An Expert’s Take on Increasing Regulations

Brent Puzak has worked for convenience stores for over two decades. During that time, he learned first-hand about the challenges facing each department. So we brought him in to share his perspective on how teams of all sizes can scale their operations amidst increasing regulations. 

Read his take below.


During my time working for convenience stores, I’ve learned that Compliance Managers face unique challenges. They need to answer complex questions and focus on the day-to-day tasks necessary to follow state and federal regulations. Finding that balance between increasing revenue while meeting the needs of stakeholders, regulators, and public health is hard.

The role of the Director and Compliance Manager is complex. Their job is three-fold:

  1. Keeping stores and tanks operational while taking the pressure off store personnel. 
  2. Find solutions for operators.
  3. Ensure their actions comply fully with all regulations.

My tenure with convenience stores gave me a 360-degree view of these segments: employees, operators, and regulators. It allowed me to work with massive amounts of data and interpret it from many perspectives in a way that minimized disruption.

Here are some of the lessons I’ve learned along the way.

How do regulations create challenges for compliance teams?

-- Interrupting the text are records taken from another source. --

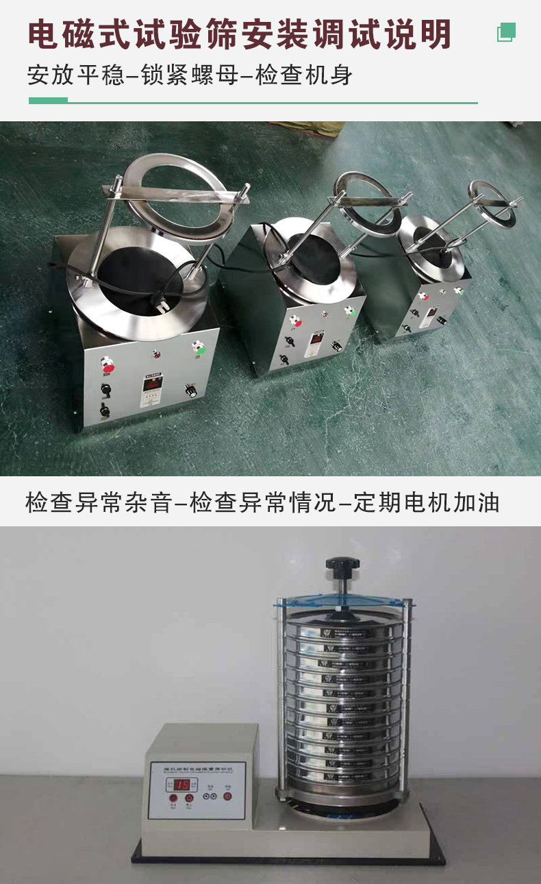 電磁式實驗篩是以電磁振動器作為振動源,電磁振動器振動帶動篩機底座振動,再通過底座傳導(dǎo)到安放在底座的一套從粗到細排列的標準試驗篩,上下高頻顫動,同時安裝在下部的振動電機使物料攤開。物料在標準檢驗篩篩面上振動,使小于試驗篩篩面網(wǎng)孔的物料顆粒篩分進下層試驗篩,如此層層篩選,使每層試驗篩內(nèi)只留相同顆粒的物料,達到不同粒度的分離并確定此物料的粒度組成。
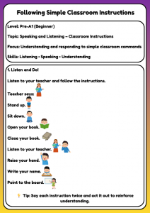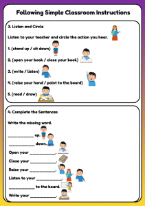 Kids aged 4–7 thrive in interactive learning environments, and the Pre-A1 Following Simple Classroom Instructions Worksheet offers just that! Engaging worksheets encourage young learners to actively participate, making learning fun and enjoyable. Through playful activities, children are excited to follow instructions, fostering a sense of accomplishment and boosting their confidence. This sparks their curiosity and keeps them motivated, transforming the classroom experience into an adventure!
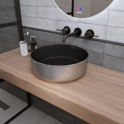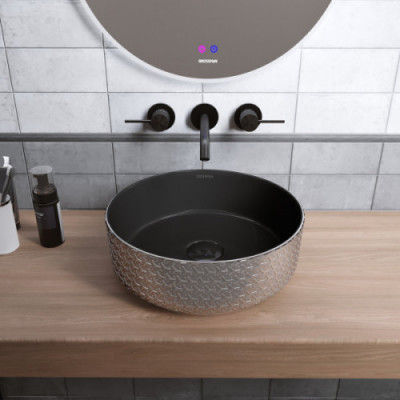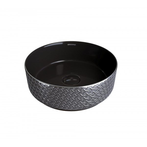 Артикул GR-5010SB Материал Фаянс Длина, см Ширина, см 35,5 Высота, см 11,5 Раковина накладная 35,5 см Grossman GR-5010SB. Материал - фаянс. Цвет - черный внутри, серебряный с геометричной текстурой снаружи. Диаметр слива - 4,5 см
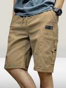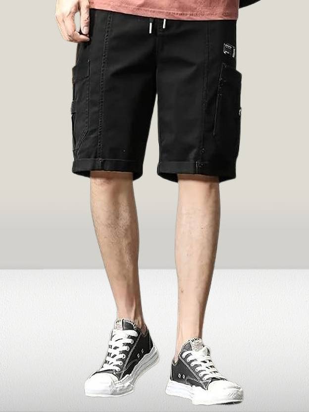 These men's black cargo shorts offer a comfortable and casual style, perfect for everyday wear. They feature a practical drawstring waist for an adjustable fit and multiple functional pockets, including side cargo pockets with buttoned flaps, providing ample storage. The solid black color makes them versatile and easy to pair with various outfits. Compatible with: Casual t-shirts, polo shirts, hoodies, sneakers, sandals, and casual jackets.
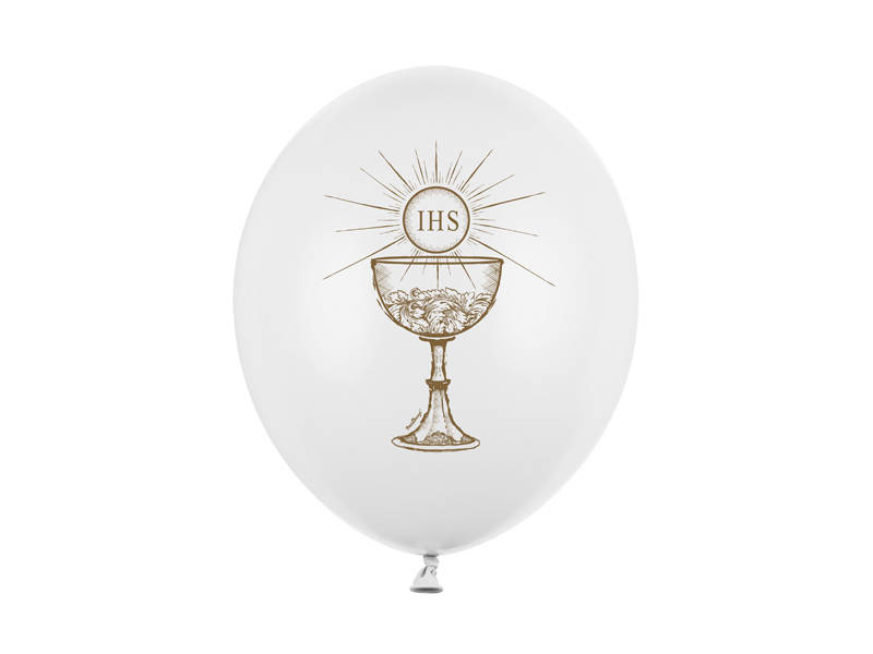 - Balony Strong IHS w kolorze Pastel Pure White z dwustronnym, złotym nadrukiem,
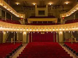 The theater features two balconies with private viewing boxes along the main floor. The seating has been cut back to 489 from its original capacity of 1200, one reason being the upper balcony has been closed-off to the public because of fire safety. Two seating boxes are located almost on each end of the stage with two additional ones in the lower balcony.[3] An unusual feature of the interior is that the balconies are in the general shape of a horseshoe.[3] The auditorium has been altered more than the outside of the building, the major difference in the present interior being the addition of a projection booth in the middle of the top balcony.[4]: 48 Though the specific date the booth was constructed is unknown, it was built sometime before April 1925 — a 2012 article in The Manistee News Advocate quotes its April 8th edition: “The Ramsdell has been equipped with two of the latest type motion projection machines and they are already in place in a fireproof room at the rear of the balcony."[5]

The biggest challenge facing the industry over the last several years is the updated underground storage tank (UST) regulations. The 2005 Energy Policy Act created a greater focus on compliance for the c-store industry. The new double-wall requirements have added a layer of complexity for compliance teams.

Because of this, convenience store owners now need to turn their attention to a new problem: How can they better manage increasing regulations? Their old ways of managing data and performing inspections are no longer sustainable. These new requirements go beyond the scope of what your average compliance manager can handle manually. 

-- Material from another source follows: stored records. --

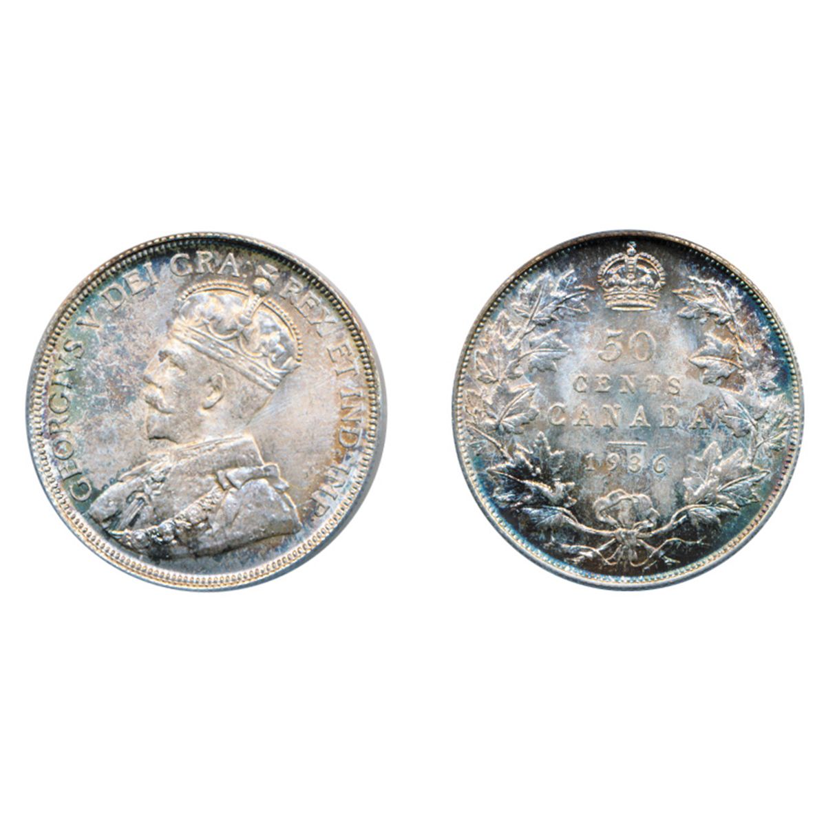 1936. PCGS graded Mint State-66. Lightly toned with rainbow, multi-hued toning.
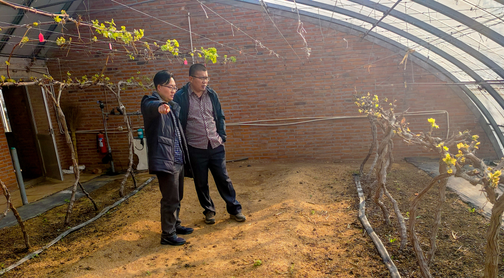 随后,韩斌研究员带领王海波研究员参观了位于昌黎果树研究所内的多抗性葡萄砧木复选圃、施各庄葡萄砧穗组合试验温室,对种质创新与评价、砧穗组合试验示范情况进行了汇报。王海波研究员对砧木评价与改良岗位开展的工作给与高度评价,建议今后在砧木营养元素吸收与利用、基因编辑等方面加深两岗位合作研究。
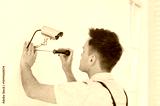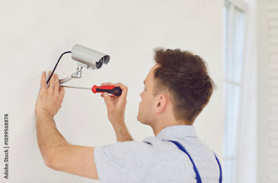 Young technician man in uniform installing surveillance CCTV camera on the wall indoors. Male worker using screwdriver while fixing security camera in modern office or at home. Safety concept.
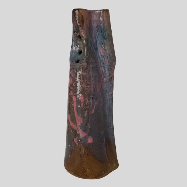 Apresentando um formato alongado e texturas únicas, este item decorativo reflete a riqueza do artesanato em cerâmica. A vitrificação garante um acabamento brilhante, durabilidade e facilidade na limpeza.
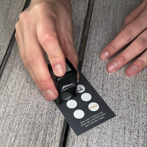 A simple, cost effective and speedy way to build your customer loyalty. Stamp your loyalty cards with your very own custom branded loyalty cars self inking stamp. Popular with cafes, restaurant, bars, hairdressers and many more.
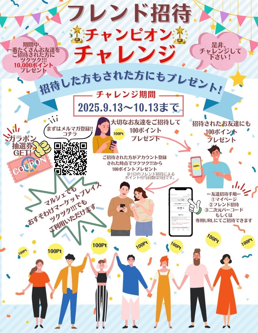 とにかくお得!お友達をたくさんご招待して、ザクザクとポイントを貯まる【フレンド招待 チャンピョン⭐️チャレンジ】
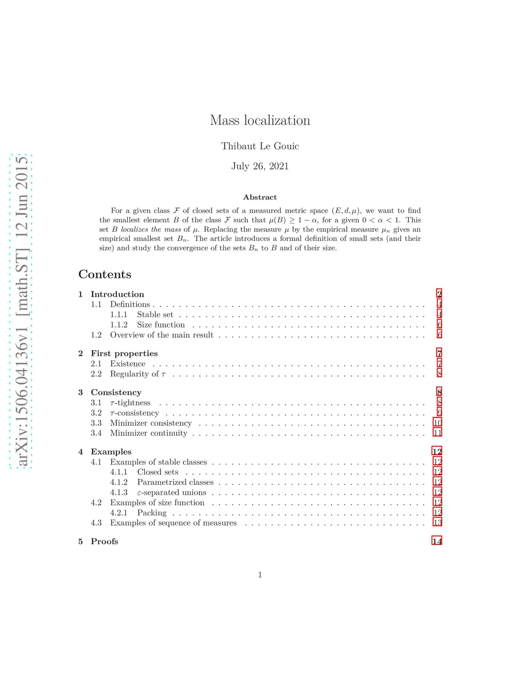 For a given class of closed sets of a measured metric space , we want to find the smallest element of the class such that , for a given . This set \textit{localizes the mass} of . Replacing the measure by the empirical measure gives an empirical smallest set . The article introduces a formal definition of small sets (and their size) and study the convergence of the sets to and of their size.

For example, before the 2005 Energy Policy Act, a lot of people were using SIR and CSLD for their method of release detection. Then interstitial monitoring became a rule. There are more sensors in the storage tanks pulling more data than ever before and stores need to collect that data on an ongoing basis.

People who managed their data on Excel spreadsheets struggled to keep up with the workload. A lot of people looked for systems to help them better manage their business to keep pace with their growth. As you can imagine, using remote technology to access, store, and check data is far easier than checking gauges manually and sorting every spreadsheet by hand. It makes a compliance manager’s job much easier, much cheaper, and much more effective.

Because of its convenience and functionality, we’ve seen software evolve from a nice-to-have to a critical need in the industry.

How do c-store compliance teams solve these challenges?

Owners and operators have had to figure out how to manage the firehose of data. They’ve realized that spreadsheets, which they'd been using for years, weren’t going to cut it. An increase in compliance requirements means more testing and inspections. And more scrutiny means finding more issues to resolve. 

The amount of data required to meet regulations has almost tripled now that the 2005 Energy Policy Act is in place. These new requirements have placed an extra burden on compliance staff and organizations as a whole. Depending on the types of systems in operation, periodic testing and release detection must be completed to ensure overall system integrity, while monthly visual inspections ensure that irregular operating conditions are caught to minimize and prevent impacts to the environment. Many of these tests and inspections are new requirements and add additional visibility and tracking to each site.

In fact, some customers have seen an increase of 30,000 or more component tests and inspections over a two to three-year period! 

Store owners want to remain compliant, but they need help to scale at this order of magnitude. It is humanly impossible to track such an enormous amount of data without some tracking system in place. Operators need to find platforms that allow them to manage compliance aspects more effectively; the data needs to be housed somewhere, and ideally someplace that’s easy to navigate and sort.

Customers are looking to cloud technology for its vast storage capabilities. Cloud software allows them to access data remotely from anywhere and share it more globally. This flexibility gives them visibility to critical compliance information and more control over the way people work.

Once compliance teams have access to a central source of truth and have experienced first-hand the value of technology, they embrace digital transformation.

Wrap up

In my experience, it's important to have a system in place that gives me visibility into all the data. I want to make sure I'm not missing anything that regulators need and I want a way to report on compliance efficiently.

At my last company, using Titan's software allowed me to do that. Today, as a Titan team member, I help other convenience stores transform how they handle their mountain of data. 

Best of all, the technology will continue to evolve and grow as regulations do. If there's one thing I've learned in this industry--regulations tend to only increase.